# Husqvarna Belt Issues



## Welljl01 (Apr 17, 2012)

I have an LGT 2554 and the belt was coming off about every 15 minutes. The belt had obvious wear and I replaced it with a 147" from Rural King. Came home and put it on and had the same problem. 

The tensioner spring looks to be tight enough but it continues to come off. Has anyone else had this issue? Do I get a smaller belt...say 144"....or does it make a difference if i get an OEM belt? Is there something else I'm missing.

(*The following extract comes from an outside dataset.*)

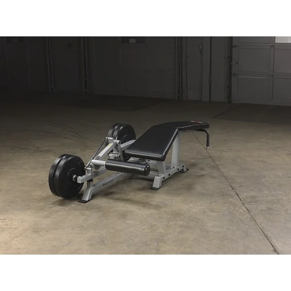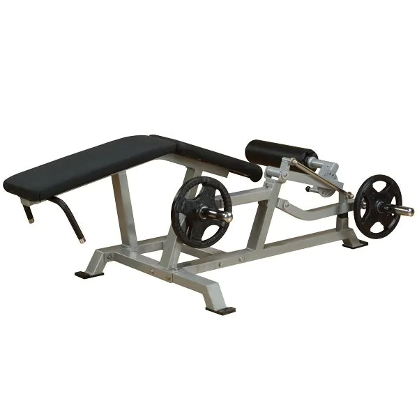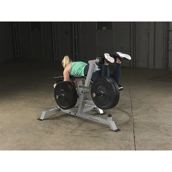 Body-Solid LVLC Pro ClubLine Leverage Leg Curl β The LVLC Leverage Leg Curl by Body-Solid is a commercial rated strength machine which uses plate loaded resistance and leverage movement to isolate and strengthen the hamstring muscles of the lower body when performing the lying leg curl exercise. The Body-Solid LVLC provides the natural feel and resistance of free-weights with the control of a machine. The direct link movement arm allows a full and continuous range of motion and the downward angled V-bench design reduces stress on the lower back as well as forces on the knees during heavy sets. Load up this machine with Olympic weight plates or Olympic bumper plates for resistance, and store them on the convenient weight storage post at the front of the machine when not in use. The LVLC Leverage Leg Curl is perfect for any commercial gym, school weight room, personal training studio, or home gym.

Thanks for any help you can offer.:dazed:


----------



## jhngardner367 (Apr 5, 2011)

Welcome to the forum! Are you sure it didn't have a belt guide,over the pulley?
One of my customers had the same problem,even when it was new,and after looking at the diagrams,we found it had been left off,from the dealer!
We put it on,and no more problem!


----------



## wjjones (May 28, 2010)

jhngardner367 said:


> Welcome to the forum! Are you sure it didn't have a belt guide,over the pulley?
> One of my customers had the same problem,even when it was new,and after looking at the diagrams,we found it had been left off,from the dealer!
> We put it on,and no more problem!



Yep I have seen that one myself, and you also have to have the engine at mowing speed before you engage the pto. If I engage mine at low speed it throws the belt off..


----------